An overview of the Evaluation of Oxygen Interactions with Materials 3 experiment: Space Shuttle Mission 46, July-August 1992

The Evaluation of Oxygen Interactions with Materials 3 (EOIM-3) flight experiment was developed to obtain benchmark atomic oxygen reactivity data and was conducted during Space Transportation System Mission 46 (STS-46), July 31 to August 7, 1992. In this paper, we present an overview of EOIM-3 and the results of the Lyndon B. Johnson Space Center (JSC) materials reactivity and mass spectrometer/carousel experiments. Mass spectrometer calibration methods are discussed briefly, as a prelude to a detailed discussion of the mass spectrometric results produced during STS-46. Mass spectrometric measurements of ambient O-atom flux and fluence are in good agreement with the values calculated using the MSIS-86 model of the thermosphere as well as estimates based on the extent of O-atom reaction with Kapton polyimide.
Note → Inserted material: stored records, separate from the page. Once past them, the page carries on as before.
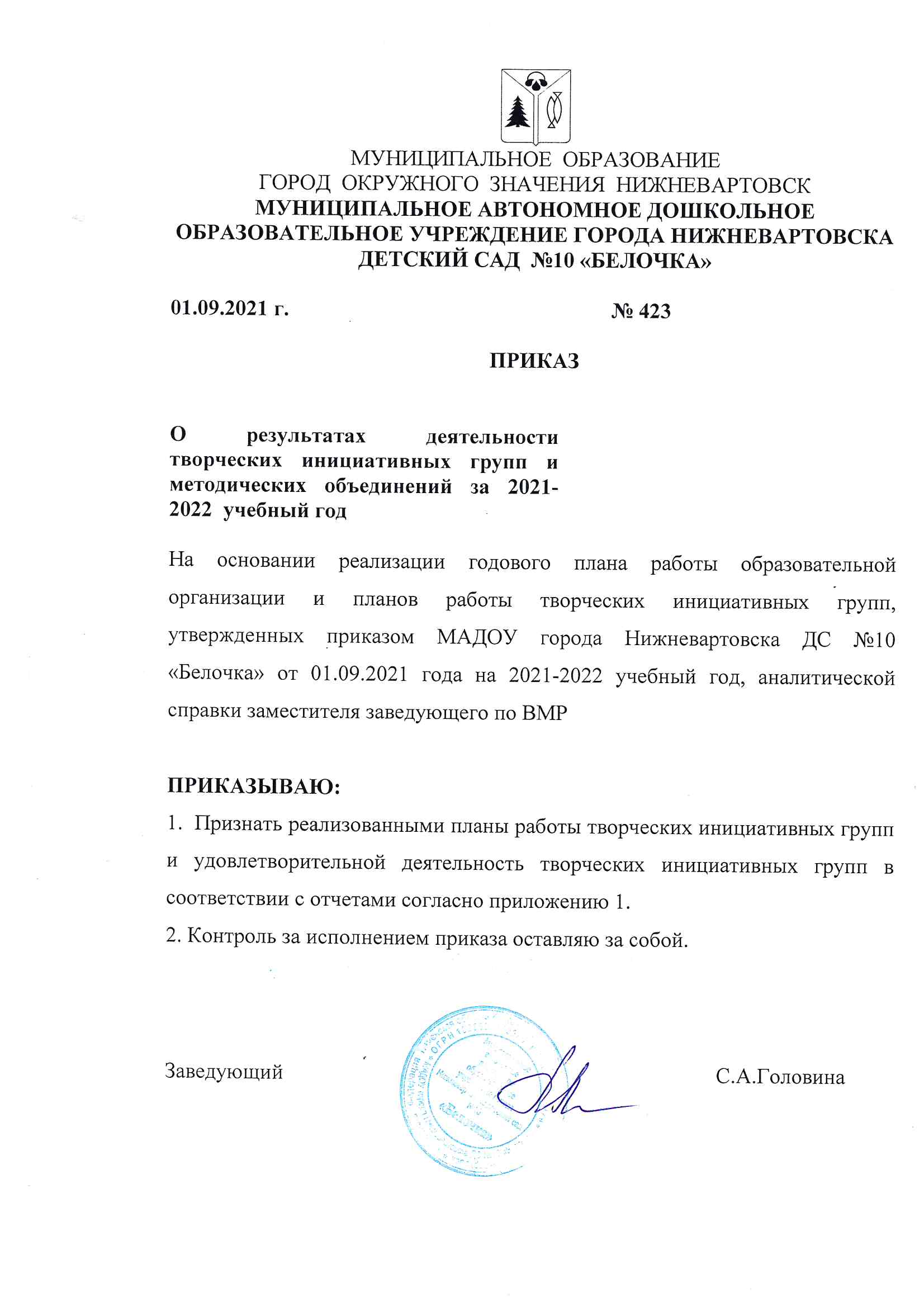 Приказ о результатах деятельности ТИГ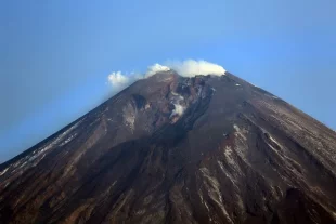 Над вершиной вулкана фиксируются мощные выбросы газа и пара.
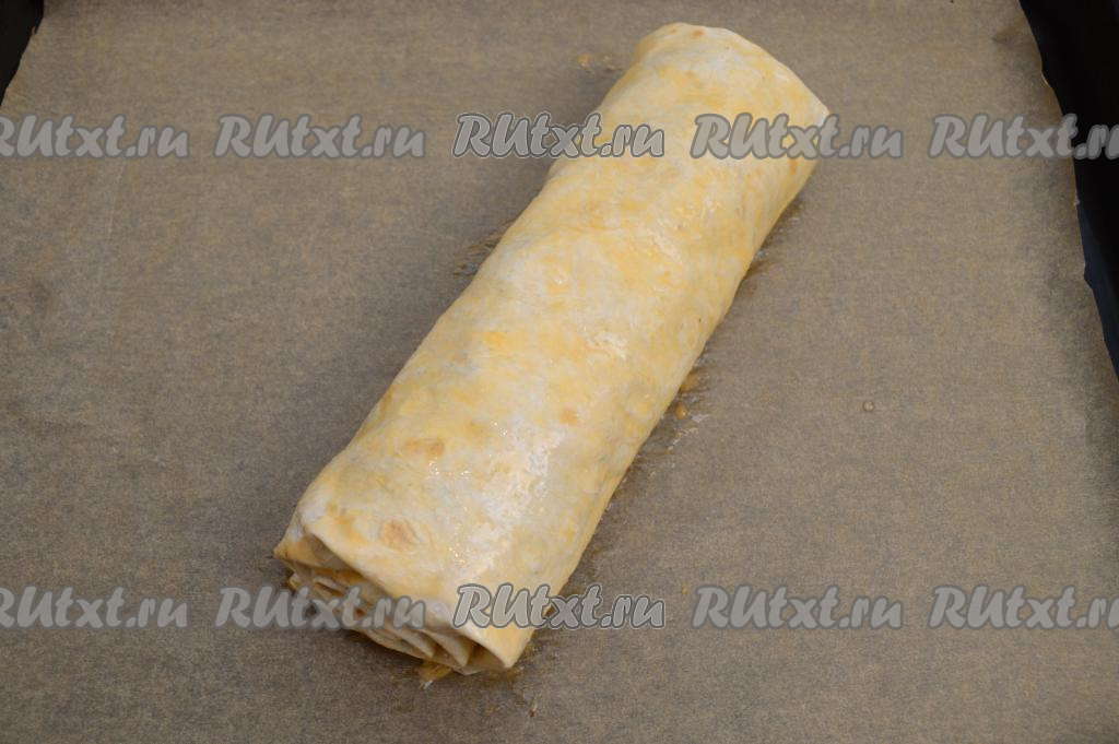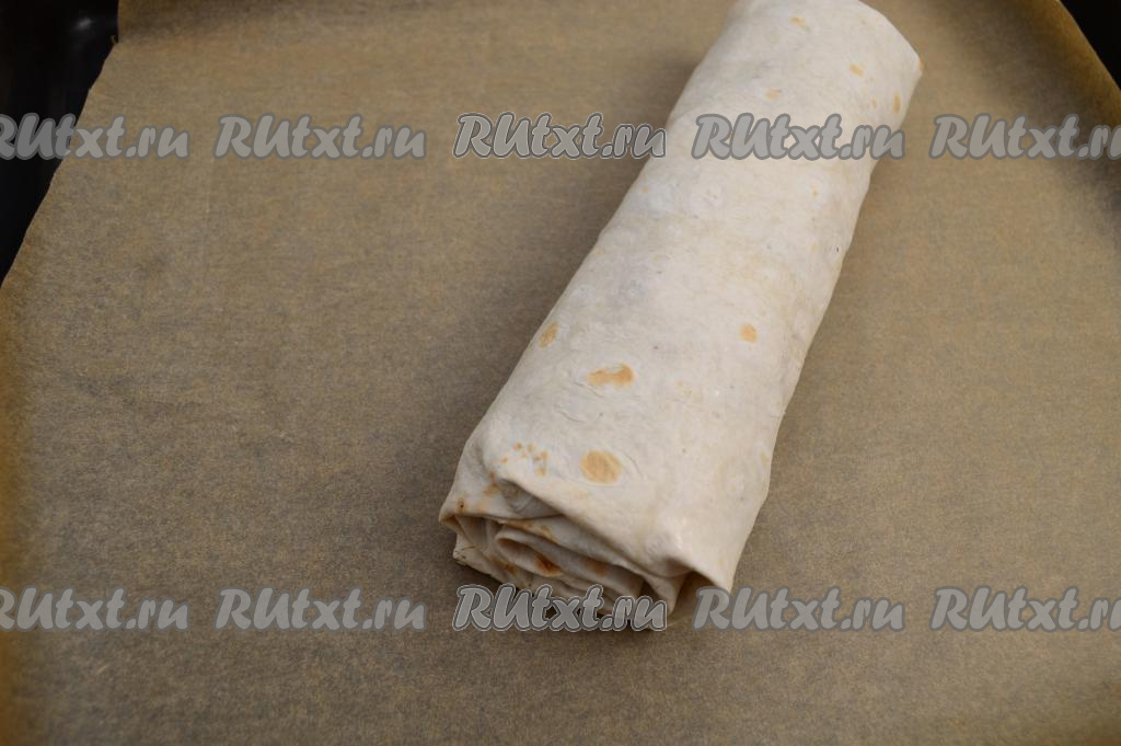 Переложить рулет из лаваша на противень, застеленный пергаментом.

Mass spectrometric measurements of gaseous products formed by O-atom reaction with C(13) labeled Kapton revealed CO, CO2, H2O, NO, and NO2. Finally, by operating the mass spectrometer so as to detect naturally occurring ionospheric species, we characterized the ambient ionosphere at various times during EOIM-3 and detected the gaseous reaction products formed when ambient ions interacted with the C(13) Kapton carousel sector. By direct comparison of the results of on-orbit O-atom exposures with those conducted in ground-based laboratory systems, which provide known O-atom fluences and translational energies, we have demonstrated the strong translational energy dependence of O-atom reactions with a variety of polymers. A 'line-of-centers' reactive scattering model was shown to provide a reasonably accurate description of the translational energy dependence of polymer reactions with O atoms at high atom kinetic energies while a Beckerle-Ceyer model provided an accurate description of O-atom reactivity over a three order-of-magnitude range in translational energy and a four order-of-magnitude range in reaction efficiency. Postflight studies of the polymer samples by x-ray photoelectron spectroscopy and infrared spectroscopy demonstrate that O-atom attack is confined to the near-surface region of the sample, i.e. within 50 to 100 A of the surface.